(Dataset items)
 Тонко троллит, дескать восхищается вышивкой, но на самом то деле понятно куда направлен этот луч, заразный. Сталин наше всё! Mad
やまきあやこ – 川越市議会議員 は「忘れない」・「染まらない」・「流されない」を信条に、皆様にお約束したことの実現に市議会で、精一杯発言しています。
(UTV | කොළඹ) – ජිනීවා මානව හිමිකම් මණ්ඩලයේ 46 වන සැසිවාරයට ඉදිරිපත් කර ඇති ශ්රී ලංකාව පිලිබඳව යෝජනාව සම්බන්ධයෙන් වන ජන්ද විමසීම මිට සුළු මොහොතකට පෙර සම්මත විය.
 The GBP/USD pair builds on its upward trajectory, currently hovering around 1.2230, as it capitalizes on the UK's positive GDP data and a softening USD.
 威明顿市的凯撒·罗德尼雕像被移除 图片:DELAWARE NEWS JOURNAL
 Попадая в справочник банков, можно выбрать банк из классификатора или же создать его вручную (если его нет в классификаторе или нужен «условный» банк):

...

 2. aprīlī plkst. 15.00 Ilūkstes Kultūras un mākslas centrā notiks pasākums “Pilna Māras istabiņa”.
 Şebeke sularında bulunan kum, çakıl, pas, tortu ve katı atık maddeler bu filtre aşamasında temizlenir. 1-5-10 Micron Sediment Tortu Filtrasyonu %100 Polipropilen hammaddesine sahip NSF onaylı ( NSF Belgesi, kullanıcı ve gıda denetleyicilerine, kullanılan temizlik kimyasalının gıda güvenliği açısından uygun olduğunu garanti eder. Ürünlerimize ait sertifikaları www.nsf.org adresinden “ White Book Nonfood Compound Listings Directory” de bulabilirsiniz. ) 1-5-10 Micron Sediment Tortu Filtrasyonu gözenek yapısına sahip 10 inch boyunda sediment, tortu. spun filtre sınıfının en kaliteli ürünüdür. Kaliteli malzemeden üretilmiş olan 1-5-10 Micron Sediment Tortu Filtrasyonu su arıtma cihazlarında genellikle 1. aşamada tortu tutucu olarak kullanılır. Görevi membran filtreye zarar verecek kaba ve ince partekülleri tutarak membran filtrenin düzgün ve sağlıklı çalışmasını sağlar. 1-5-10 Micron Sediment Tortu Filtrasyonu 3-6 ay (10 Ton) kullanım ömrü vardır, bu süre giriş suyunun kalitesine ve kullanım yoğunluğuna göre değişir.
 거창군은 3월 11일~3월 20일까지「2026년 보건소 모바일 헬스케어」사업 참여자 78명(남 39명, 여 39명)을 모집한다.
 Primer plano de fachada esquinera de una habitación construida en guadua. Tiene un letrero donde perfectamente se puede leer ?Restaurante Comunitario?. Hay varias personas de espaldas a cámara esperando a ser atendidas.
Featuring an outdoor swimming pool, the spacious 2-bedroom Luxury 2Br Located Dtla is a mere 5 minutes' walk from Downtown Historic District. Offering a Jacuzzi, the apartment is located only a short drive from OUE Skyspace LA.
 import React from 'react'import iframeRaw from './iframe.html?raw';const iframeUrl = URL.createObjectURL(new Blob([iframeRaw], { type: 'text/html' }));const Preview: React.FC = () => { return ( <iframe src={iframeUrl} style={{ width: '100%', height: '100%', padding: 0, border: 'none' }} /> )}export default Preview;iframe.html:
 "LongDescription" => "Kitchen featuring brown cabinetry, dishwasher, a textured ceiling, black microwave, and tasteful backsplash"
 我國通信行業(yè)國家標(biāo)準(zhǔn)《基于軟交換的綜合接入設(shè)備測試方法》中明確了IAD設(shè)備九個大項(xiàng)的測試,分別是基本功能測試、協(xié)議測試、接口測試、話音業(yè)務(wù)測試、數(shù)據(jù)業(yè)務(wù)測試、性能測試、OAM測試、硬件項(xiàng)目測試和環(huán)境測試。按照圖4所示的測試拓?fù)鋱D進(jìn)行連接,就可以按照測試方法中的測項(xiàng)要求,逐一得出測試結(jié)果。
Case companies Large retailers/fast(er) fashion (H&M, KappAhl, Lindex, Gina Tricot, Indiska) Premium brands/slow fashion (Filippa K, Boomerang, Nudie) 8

→ **Your instructions**: In the records, find every line that has the string "from" and copy it.

→ **Task answer**:
Featuring an outdoor swimming pool, the spacious 2-bedroom Luxury 2Br Located Dtla is a mere 5 minutes' walk from Downtown Historic District. Offering a Jacuzzi, the apartment is located only a short drive from OUE Skyspace LA.
 import React from 'react'import iframeRaw from './iframe.html?raw';const iframeUrl = URL.createObjectURL(new Blob([iframeRaw], { type: 'text/html' }));const Preview: React.FC = () => { return ( <iframe src={iframeUrl} style={{ width: '100%', height: '100%', padding: 0, border: 'none' }} /> )}export default Preview;iframe.html:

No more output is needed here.